§ EXERCISE: Return all of the following entries as written, but without the images.

———

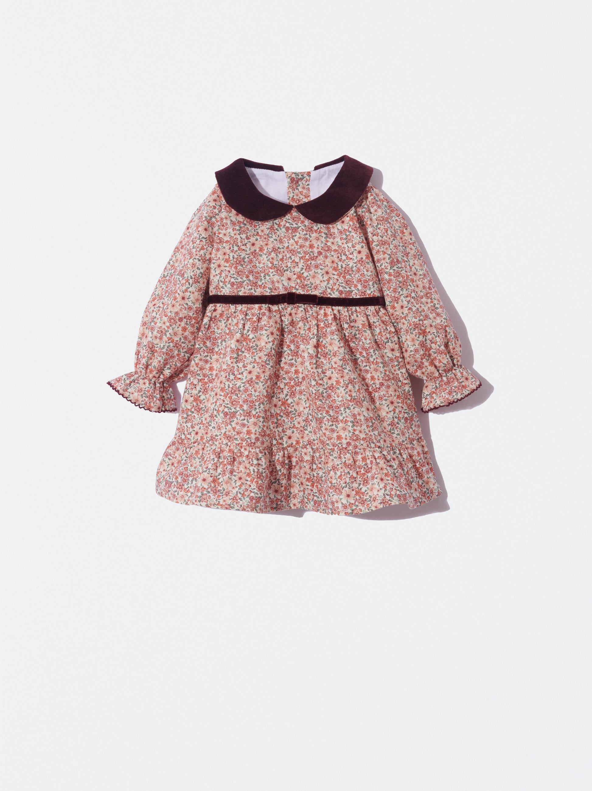 Vestido florido com gola de veludo
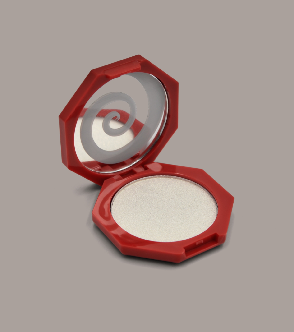 Der Highlighter verfügt über eine durchscheinende Basis mit einem Champagner-Pfirsich-Duochrome-Finish, das die natürliche Ausstrahlung des Teints verstärkt und allen Hauttönen schmeichelt.
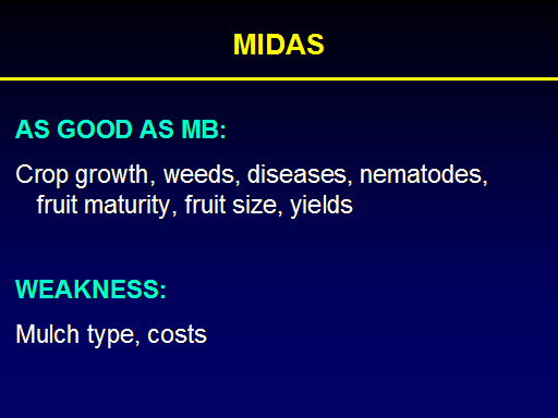 MIDAS<BR>AS GOOD AS MB: <BR>Crop growth, weeds, diseases, nematodes, fruit maturity, fruit size, yields<BR>WEAKNESS: <BR>Mulch type, costs<BR>
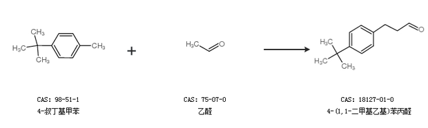 2.通过4-叔丁基甲苯和乙醛合成4-(1,1-二甲基乙基)苯丙醛
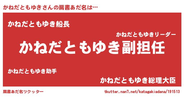 | 意味不明あだ名 | 『永久保存かねだともゆき』 |
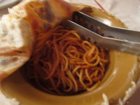 パスタ。ピザ生地で蓋をして調理しているみたい。

———

§ WRITTEN SOLUTION:
 Vestido florido com gola de veludo
 Der Highlighter verfügt über eine durchscheinende Basis mit einem Champagner-Pfirsich-Duochrome-Finish, das die natürliche Ausstrahlung des Teints verstärkt und allen Hauttönen schmeichelt.
 MIDAS<BR>AS GOOD AS MB: <BR>Crop growth, weeds, diseases, nematodes, fruit maturity, fruit size, yields<BR>WEAKNESS: <BR>Mulch type, costs<BR>
 2.通过4-叔丁基甲苯和乙醛合成4-(1,1-二甲基乙基)苯丙醛
 | 意味不明あだ名 | 『永久保存かねだともゆき』 |
 パスタ。ピザ生地で蓋をして調理しているみたい。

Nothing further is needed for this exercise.